Culture

Nuclear risks and renewable alternatives

This is also a time to reflect on the risks posed by nuclear power generation and to ask if we should continue with this massive investment. Might our money be better spent on renewable energy?

A person who is believed to be have been contaminated with radiation, wrapped with a blanket, is carried to ambulance at a radiation treatment center in Nihonmatsu city in Fukushima prefecture on March 13, 2011. (Credit: JIJI PRESS/AFP/Getty Images)

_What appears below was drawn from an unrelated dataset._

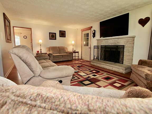 Expansive nearly 3/4 acre lot! The feel of the country, right in the city! This ranch-style home boasts hardwood flooring, 3 bedrooms, full bath, well-lit living room with large picture window, garage access, and a cozy stone hearth with log woodburning fireplace. The kitchen features abundant cabinets, ample counter space, and includes appliances. A full basement offers four spacious areas for potential finishing. Laundry is currently in a bedroom but can be relocated back to the basement. Oversized 2 car garage with workshop style area and newer opener that can be controlled via phone! Enjoy a smaller enclosed porch, sizable deck, and fenced, huge backyard. There is public water in the home, and a well available for exterior use. Endless possibilities! Sold As Is.

Right now our thoughts and prayers are with the brave Japanese people as they struggle to deal with the terrible aftermath of the earthquake, tsunami and now the nuclear threat. This is also a time to reflect on the risks posed by nuclear power generation and to ask if we should continue with this massive investment. Might our money be better spent on renewable energy? This letter featrured in The Guardian, Wednesday 16 March 2011: The assessment in your editorial (15 March) that “the balance of the rational argument could conceivably be more in favour of nuclear [power] in a month’s time” is not just premature but ignores a number of important factors. Most worryingly, terrorists will have seen the devastation, disruption and fear that can be caused by an attack on a reactor’s cooling system, which presents a much easier target for them than the containment vessel surrounding the core. Secondly, your claim that the renewable alternatives are “illusions” is at variance with the facts. Germany has installed more wind power capacity than the entire current UK nuclear capacity, and is adding to it at a rate equivalent to more than one new reactor a year. Furthermore, in 2009 alone Germany installed solar photovoltaic systems with capacity equivalent to approximately four nuclear reactors, and it looks like the 2010 figures will be much higher. The coalition should reverse Labour’s dangerous decision to go for new nuclear build and use the money saved, firstly to strengthen our current nuclear facilities against terrorist attack, secondly to solve the long-term nuclear waste problem and thirdly to support renewables. Emeritus Professor Keith Barnham

Anti-nuclear protest on April 25, 2006 in Seoul, South Korea.

The case against nuclear

(Source: http://en.wikipedia.org/wiki/Anti-nuclear_movement) Anti-nuclear critics see nuclear power as a dangerous, expensive way to boil water to generate electricity. Opponents of nuclear power have raised a number of related concerns:

  • Nuclear accidents: a concern that the core of a nuclear power plant could overheat and melt down, releasing radioactivity.
  • Radioactive waste disposal: a concern that nuclear power results in large amounts of radioactive waste, some of which remains dangerous for very long periods.
  • Nuclear proliferation: a concern that the facilities and expertise to produce nuclear power can be readily adapted to produce nuclear weapons.
  • High cost: a concern that nuclear power plants are very expensive.
  • Nuclear terrorism: a concern that nuclear facilities could be targeted by terrorists or criminals.
  • Curtailed Civil liberties: a concern that the risk of nuclear accidents, proliferation and terrorism may be used to justify restraints on citizen rights.

A nuclear free world is possible… it is up to us!